Çokça yazdığım üzere ‘Hayat Şarkısı’, kadının şeytani yüzünü gösteren gelişmelerle dolu bir yapıya sahip. Bir kez daha kısaca değinirsek… Hülya ile bir yandan erkek tacizinin mağduriyetine dair mesajcılık yapan dizi, bir yandan da hırslı kadınların işi nerelere vardırabileceklerine dair örneklik etmekte.

Türk aile yapısının ne denli karmaşık olduğunu yansıtan düzende Bayram Cevher deseniz şirinlik ve babacanlıkla işlerini halleden otoriter aile reisi kisvesi altında çok şey söylemekte. Süheyla da özellikle Filiz’e yaptığıyla kadın acımasızlığının mesajını çok net koydu ortaya. Hülasa, ‘Hayat Şarkısı’ tıpkı hayat gibi her telden mesajcılıkla yol almakta.

‘UMUDA KELEPÇE VURULMAZ’, GENÇLİĞE TEKMİL MESAJ

Bana göre ekranda gençliğe yönelik en mesajcı iş, ‘Umuda Kelepçe Vurulmaz’… Zira önceden de yazdığım üzere, suçlu gençlerin dünyasına farklı bir pencereden bakmakta. Fırsat tanındığında onların da yaşıtları gibi kendilerini geliştirip hayatlarını düzene sokabileceklerini örnekleme kapasitesi yüksek olan senaryonun her kesimden gençle yol almasıysa gençliğe topyekûn mesaj vermek adına hayli mantıklı bir yaklaşım. Bunun dışında iyilikle kötülüğü derin hatlarla ayırmaması; kötülerin içinde de iyi bir taraf bulunabileceğini, her kötülüğün arka planına inilmesi gerektiğini işaret etmesi de dizinin mesaj değerini artıran detaylar.

MESAJLAR İÇİNDE MESAJ BEĞENMEK

İzleyici, diziler ve mesajlar… Kişisel gelişimin eksik kaldığı, televizyonun yegâne eğlence aracı olduğu yerlerde iç içe geçmişlikleri artan bu üçlünün üstüne daha çok yazıp konuşacağız. Zira ‘Bir gazete; yalnız haberleri olduğu gibi veren bir şey değildir.

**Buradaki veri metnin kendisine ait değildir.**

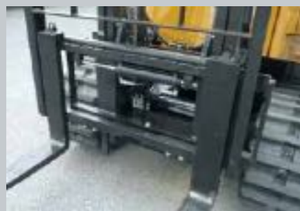
Side shift available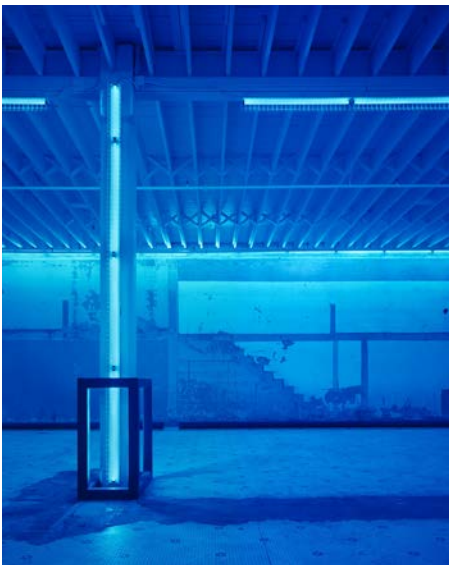
Nighttime - interior view looking south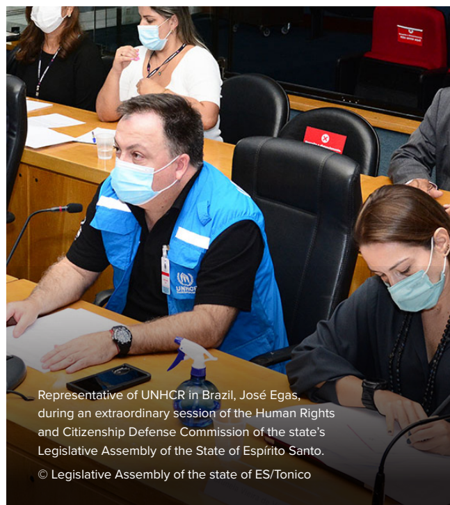
Representative of UNHCR in Brazil, José Egas, during an extraordinary session of the Human Rights and Citizenship Defense Commission of the state's Legislative Assembly of the State of Espírito Santo.

In Vitória, the delegation met with members of the justice system, the Government of the state of Espírito Santo, the Legislative Power and the Dean of the Federal University of Espírito Santo (UFES). This was an opportunity to participate in the Extraordinary Session of the Human Rights and Citizenship Defense Commission of the state's Legislative Assembly, where the promulgation of a project implementing a state policy for the refugee and migrant population was discussed. The Representative visited a local Venezuelan community and coordinated UNHCR's collaboration with state Social Assistance and Human Rights Secretariats, which have been working with all municipalities in the state to strengthen the guarantee of rights to refugees and migrants.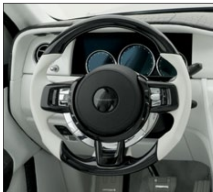
Sport steering wheel with MANSORY logo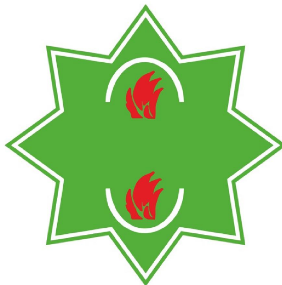
Picture 4 – Graphic reconstruction of the national emblems of veterinary medicine in the traditional Kazakh society

Description of the claimed designation in figure 3: the color pictorial sign consists of two main elements and is presented in the form of a fiery solar symbol - a genuine Kazakh eight – beam star of bright blue color, framed at the edges and perimeter by a narrow white strip. In the center of the eight-pointed star, two bright scarlet flames are located above each other and on one vertical line, each of which is framed by an white arc; according to the description, nomads, coming back from wintering, move with the cattle between the two fires, performing the rite of purification – alastau (synonymous with hygiene); bright blue color of the star is associated with tranquility and clear sky.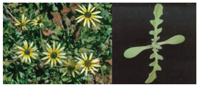
Figure 2. Capeweed at the flowering (left) and seedling (right) stages.

Capeweed is adapted to fertile soils and tends to colonise areas of bare ground in a pasture sward (Figure 2). It is known for its capacity to tolerate drought conditions better than most crops and pastures. It has been reported that 20% of its seed can remain dormant for more than two years but this depends on the ecotype (sub-types within the same species which have been developed in a region) and on how deep the seed is buried.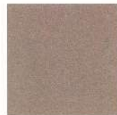
Sandstone Metallic (53) Interior: Neutral 1 Neutral/Ebony 2 Ebony 3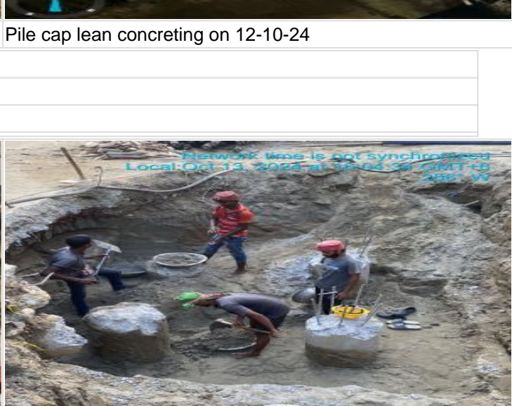
Earth excavation manually on 13-10-24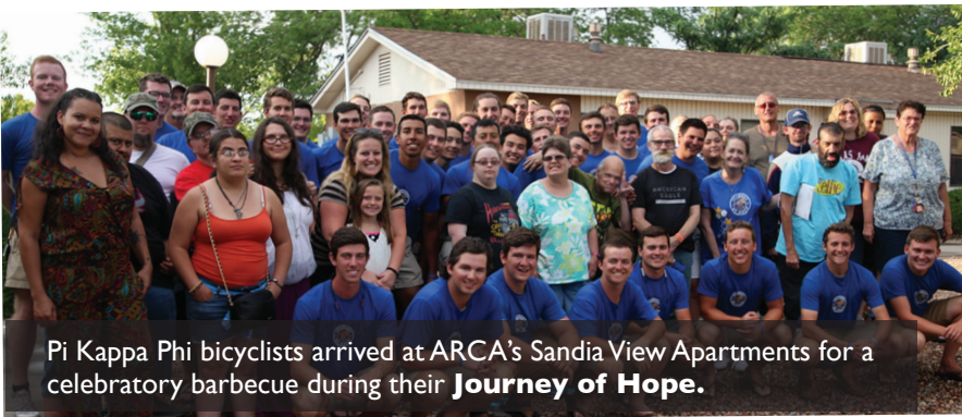
Pi Kappa Phi bicyclists arrived at ARCA's Sandia View Apartments for a celebratory barbecue during their Journey of Hope .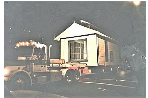
The Ice House moving to its new home downtown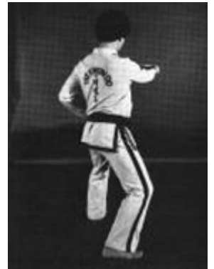
23. Move the left foot to C forming a right L-stance toward C while executing a middle punch to C with the right fist.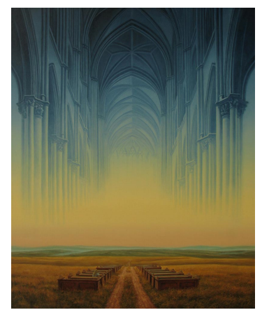
Fig. 8. M. Kolpanowich Cathedra. Oil on canvas, 100 x 80 cm, 2010 https://issuu.com/asiura/docs/marcinkolpanowicz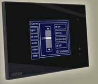
SC5000CT2,BK - without Logic Engine SC5000CTL2,BK - with Logic Engine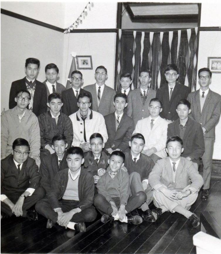
1961, at Andrew's farewell party – 2 nd row – 2 nd left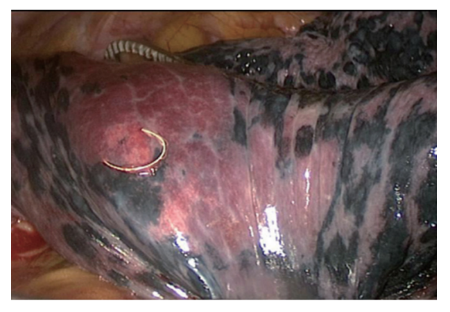
Figure 2 The deep lesion was located by the microcoil on the visceral pleura surface under thoracoscopic guidance.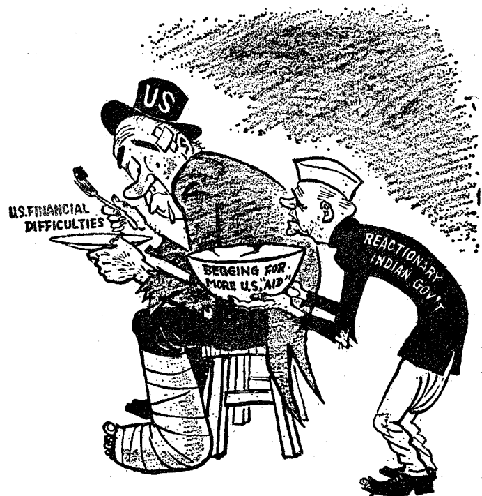
Master and Slave

The food shortage and the awakening of the Indian peasants are harbingers of a new revolutionary storm on a larger scale.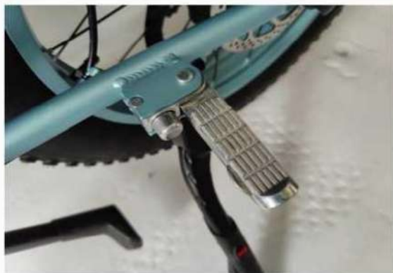
Rest foot while sitting on saddle, do not trample on it heavily .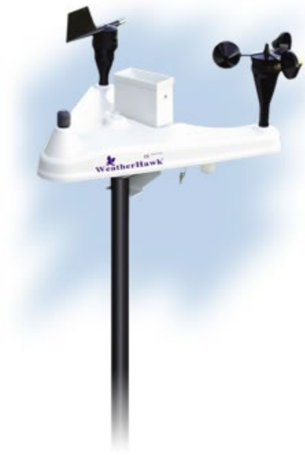
Figure 2: Weather Stations to be Implemented on the Demonstration Plots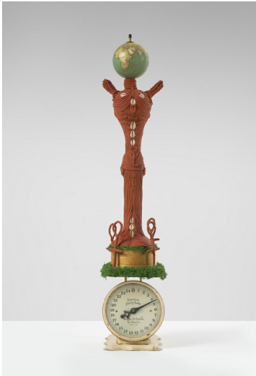
JOJO ABOT, Weight of the world 2023, clay, shells, wood, paper, foliage, metal, 34 x 7 x 8 1/2 in. (86.4 x 17.8 x 21.6 cm)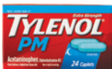
Tylenol® PM Extra Strength Tablets, 500 mg. Count: 24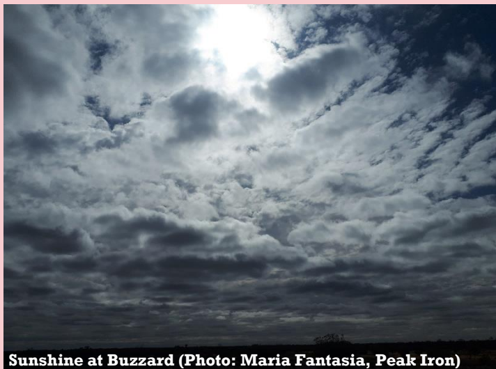
Sunshine at Buzzard

Thank you to pastoral lease holders and Native Title Holders for your cooperation re: this new venture for Peak Iron Mines.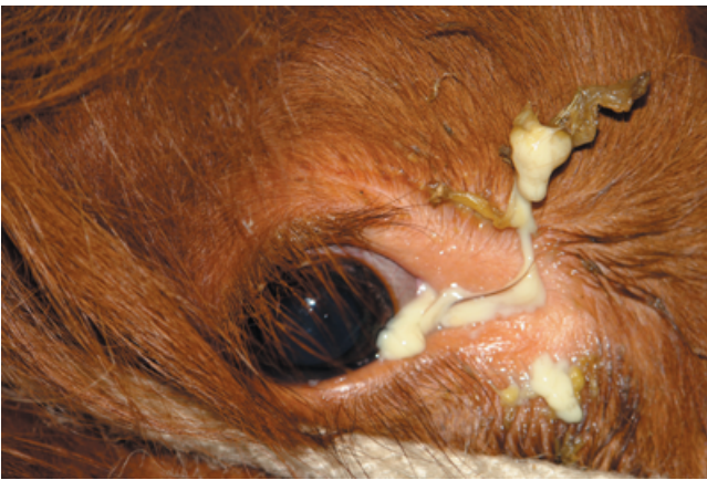
Figure 2. Massive purulent discharge on the OD.

Onun amacı insanları düşündürerek, kızdırarak o konuda bir şey yapmaya özendirmelidir’ diyen Mark Twain’den günümüze, medya ve kurgu dünyası çok gelişme göstermiş olsa dahi içeriklerindeki mesajcılık özelliği her daim baki kalmıştır, kalacaktır.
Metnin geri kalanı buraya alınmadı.